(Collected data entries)
........

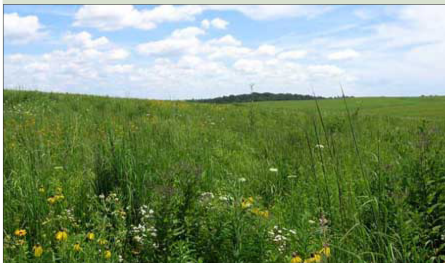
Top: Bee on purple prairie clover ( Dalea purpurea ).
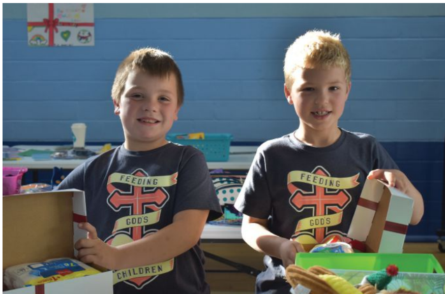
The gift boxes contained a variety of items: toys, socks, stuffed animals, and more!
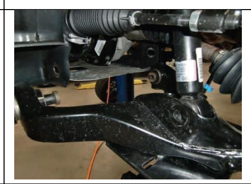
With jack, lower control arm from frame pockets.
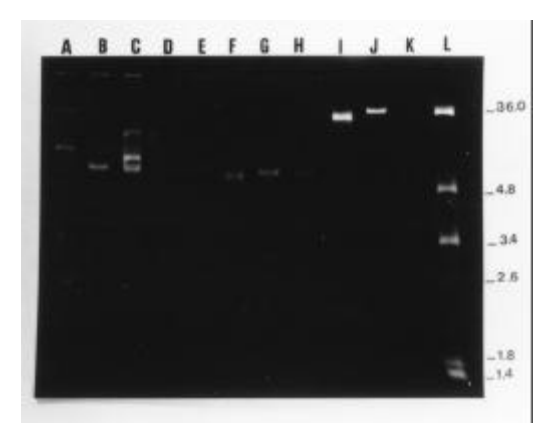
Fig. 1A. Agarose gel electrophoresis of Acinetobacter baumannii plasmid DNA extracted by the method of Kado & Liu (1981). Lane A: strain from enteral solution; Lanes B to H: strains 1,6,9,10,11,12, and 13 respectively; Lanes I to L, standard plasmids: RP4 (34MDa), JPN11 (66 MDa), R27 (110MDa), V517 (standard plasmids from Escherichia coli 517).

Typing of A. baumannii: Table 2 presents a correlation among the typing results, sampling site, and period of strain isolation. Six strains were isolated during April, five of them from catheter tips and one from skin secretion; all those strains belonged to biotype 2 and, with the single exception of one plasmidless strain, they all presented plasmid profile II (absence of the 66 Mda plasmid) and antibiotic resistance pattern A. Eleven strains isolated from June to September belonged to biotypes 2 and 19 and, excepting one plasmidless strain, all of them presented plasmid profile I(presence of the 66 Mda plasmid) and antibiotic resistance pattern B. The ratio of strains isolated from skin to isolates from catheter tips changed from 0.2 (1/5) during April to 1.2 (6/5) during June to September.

........

EXERCISE DIRECTIONS:
Wherever the word "plasmid" turns up in a line of the entries above, copy that line.

ANSWER BELOW:
Fig. 1A. Agarose gel electrophoresis of Acinetobacter baumannii plasmid DNA extracted by the method of Kado & Liu (1981). Lane A: strain from enteral solution; Lanes B to H: strains 1,6,9,10,11,12, and 13 respectively; Lanes I to L, standard plasmids: RP4 (34MDa), JPN11 (66 MDa), R27 (110MDa), V517 (standard plasmids from Escherichia coli 517).
Typing of A. baumannii: Table 2 presents a correlation among the typing results, sampling site, and period of strain isolation. Six strains were isolated during April, five of them from catheter tips and one from skin secretion; all those strains belonged to biotype 2 and, with the single exception of one plasmidless strain, they all presented plasmid profile II (absence of the 66 Mda plasmid) and antibiotic resistance pattern A. Eleven strains isolated from June to September belonged to biotypes 2 and 19 and, excepting one plasmidless strain, all of them presented plasmid profile I(presence of the 66 Mda plasmid) and antibiotic resistance pattern B. The ratio of strains isolated from skin to isolates from catheter tips changed from 0.2 (1/5) during April to 1.2 (6/5) during June to September.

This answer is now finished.